Yeah, that sized database is likely to be a challenge unless the computer system it's running on has scads of memory.
One of my projects (DBHub.io) is putting effort towards working through the problem with larger sized SQLite databases (~10GB), and that's mainly through using bare metal hosts with lots of memory. eg 64GB, 128GB, etc.
Putting the same data into PostgreSQL, or even MySQL, would likely be much more efficient memory wise. :)
We have 200 GB databases in dolt format that are totally queryable. They don't work well querying on the web though - you need a local copy to query it effectively. Making web query as fast as local is an ongoing project.
Uh, personal question here. Where does your ~10G number come from? I pretty much run my life on the Apple Notes app. My Notes database is about 12G and now I’m scared.
Oh, it's just the vast majority of SQLite databases we see are pretty tiny. eg a few MB's at max
So, resource usage is pretty much not a consideration in any way when doing things with them.

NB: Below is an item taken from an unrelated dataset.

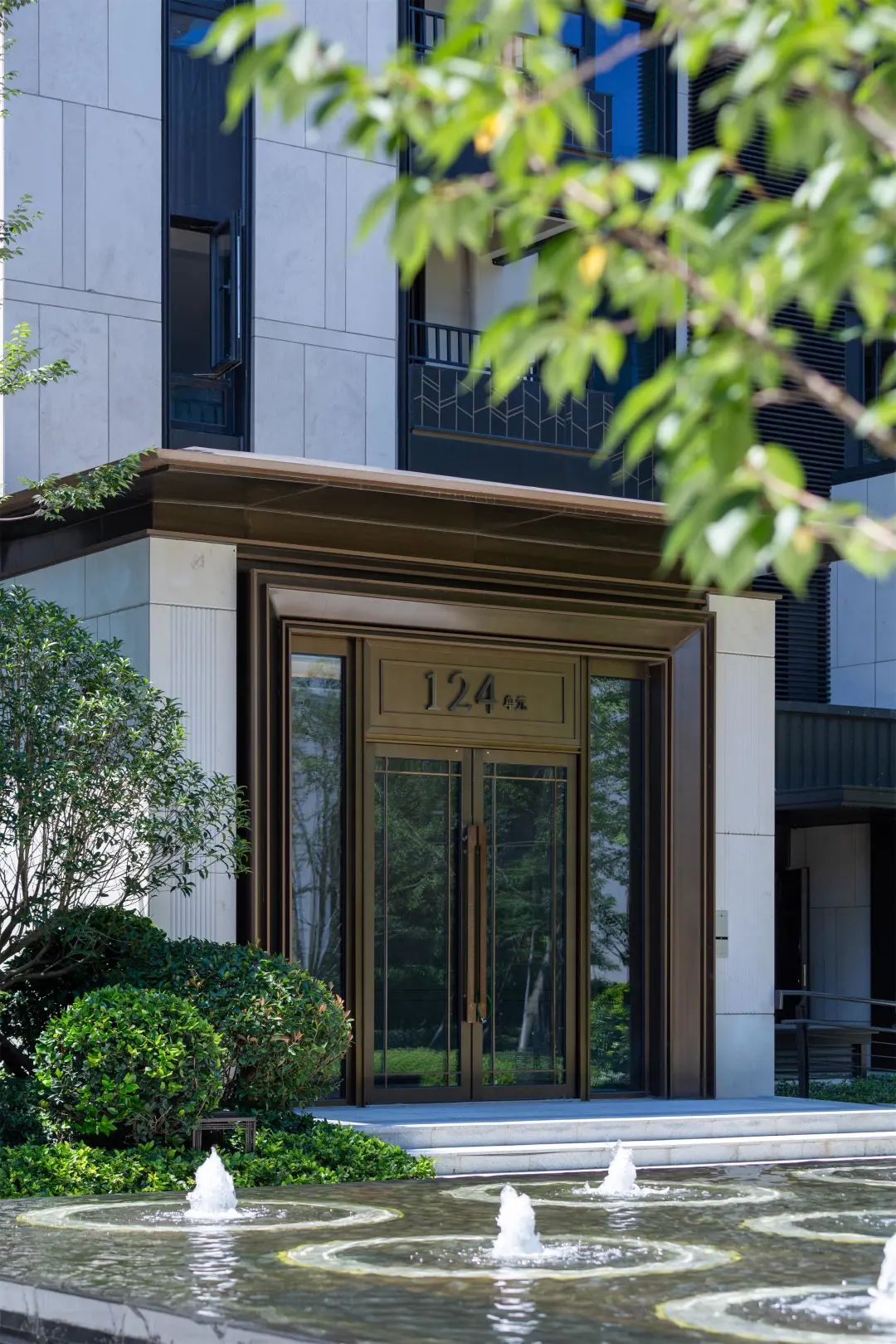 入戶前或井字涌泉,或規(guī)整花陣構(gòu)成具有儀式感的小廣場,花香四溢輕踏漫步道,放松歸家之人一天疲憊的心情。入戶大堂設(shè)計承襲整體典雅的新中式風(fēng)格,但更為簡約,尺度更加親切。

Once people start doing things with multi-GB databases though, if the system they're running on has a small amount of memory (say 4GB, 8GB) then things can start going poorly.
Not like "crash and burn" poorly (so far). More like "tries to read 10GB of data into 4GB of ram" poorly. eg Dog slow, not lightning quick.
If your machine has a bunch of ram in it, you're likely safe . Though, I'd be making damn sure there are tested and working backups of it, just to be safe. :)
I missed this answer the first time around. Thanks so much for the reply. I always get machines with the maximum amount of RAM precisely for this reason.